Cloud Native Computing Foundation Announces Fluentd Graduation
The Linux Foundation | 11 April 2019
Open source logging tool has been adopted by over 5,000 community users
SAN FRANCISCO, Calif. – April 11, 2019 – The Cloud Native Computing Foundation® (CNCF®), which sustains open source technologies like Kubernetes® and Prometheus™, today announced that Fluentd is its sixth project to graduate, following Kubernetes, Prometheus, Envoy, CoreDNS and containerd. To move from the maturity level of incubation to graduation, projects must demonstrate thriving adoption, a documented, structured governance process, and a strong commitment to community sustainability and inclusivity.
“In the two and a half years since Fluentd became a part of CNCF, we’ve seen it grow beyond a project to a full ecosystem of integrations and third party components,” said Chris Aniszczyk, CTO/COO of the Cloud Native Computing Foundation. “With an active community of contributors and users, the CNCF TOC felt Fluentd was ready for graduation and we look forward to cultivating their community.”
Fluentd was created in 2011 by Sadayuki “Sada” Furuhashi, co-founder of Treasure Data, Inc., as an open source data collector for building a Unified Logging Layer, which unifies the data collection and consumption for a better use and understanding of data. In November 2016, Fluentd was accepted as CNCF’s sixth hosted project after Kubernetes, Prometheus and OpenTracing.
“Fluentd solves logging problems at scale, not just for standalone applications, but it streamlines components of distributed architectures, making it an integral tool for any cloud native organization” said Masahiro Nakagawa, Principal Engineer at Arm®Treasure Data™ and core Fluentd Maintainer. “We’re thrilled to have had the opportunity to collaborate with the CNCF community and to grow our user base, and are honored to graduate.”
With more than 900 plugins connecting to its many data sources and data outputs; including Docker, Google Cloud, Kubernetes, etc., Fluentd was the 2016 Bossie Awards winner for the best open source datacenter and cloud software. More than 5,000 data-driven community users rely on Fluentd to differentiate their products and services through a better use and understanding of their log data, including Atlassian, Amazon Web Services, Backplane, Change.org, CyberAgent, DeNa, Drecom, GREE, GungHo, LINE Corp, Nintendo, Microsoft, Slideshare and many others.
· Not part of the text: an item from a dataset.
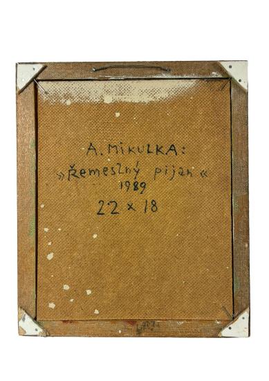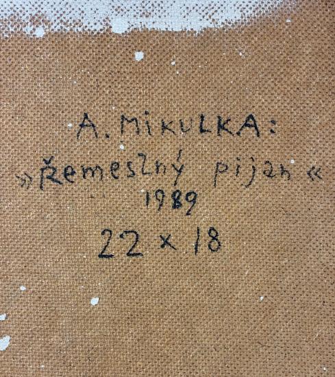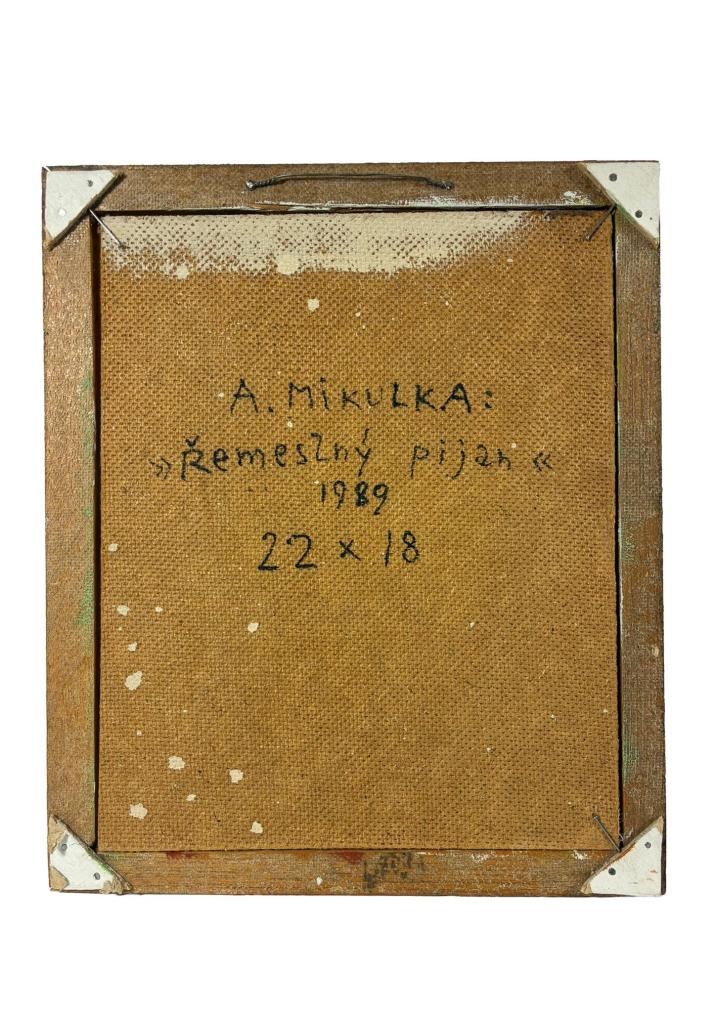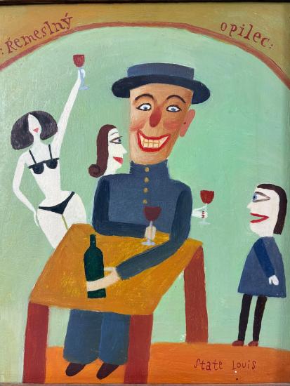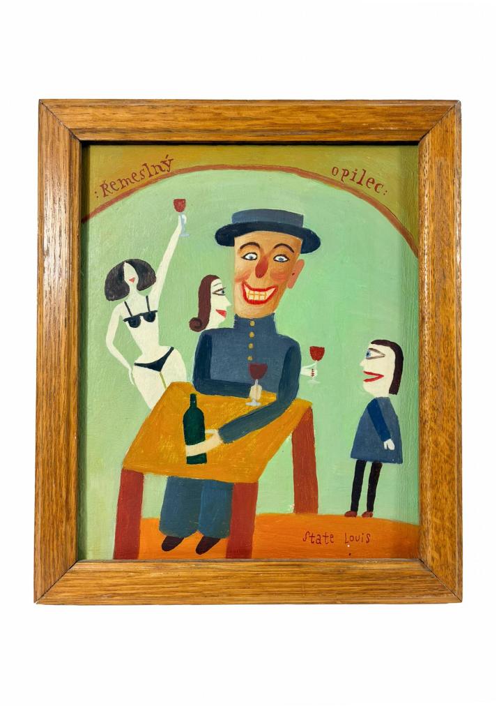 Malba od Aloise Mikulky s názvem Řemeslný pijan. Mikulkovy obrazy jsou nabité vtipem, používá osobitou stylizaci, která odkazuje k divadelnímu světu, s nímž byl úzce spjatý. V díle sahá po zkratce a jednoduchosti, za spokojeným opilcem stojí vyděšená malá dívka, které zrovna nabízí sklenku vína jedna z tanečnic v pozadí. Olej na sololitu, rámováno, rozměry s rámem 26 x 22 cm, rozměry díla 22 x 18 cm. Signováno vpravo dole "State Louis", ze zadní strany "A. Mikulka, Řemeslný pijan, 1989, 22 x 18".

“Fluentd has earned its place as the industry standard for log collection and shipping, and I am excited to see it as a graduated CNCF project,” said Gabe Monroy, Lead Program Manager for Containers, Microsoft Azure. “At Microsoft, we are proud to use Fluentd to power our cloud native logging subsystems and we look forward to working with the growing the open source community around Fluentd.”
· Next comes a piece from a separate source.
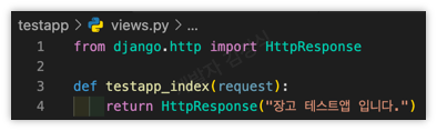 생성한 장고 앱의 [views.py] 파일에 "장고 테스트앱 입니다." 라는 문자열을 Response 해주는 함수를 하나 만들겠습니다.

Fluentd now has 4 active maintainers, over 160 contributors and more than 4,400 commits. It also has 189 official releases, more than 48 Million Docker Hub pulls, 941 plugins available made by the community and over 7500 Github Stars.
“As one of the longest standing incubating projects within CNCF, Fluentd has demonstrated impressive growth, adoption, and numerous integrations within the broader community,” said Brian Grant, Principal Software Engineer at Google and CNCF TOC representative. “We have no doubt that Fluentd is ready to move to this next stage, and are excited to see what the project continues to accomplish.”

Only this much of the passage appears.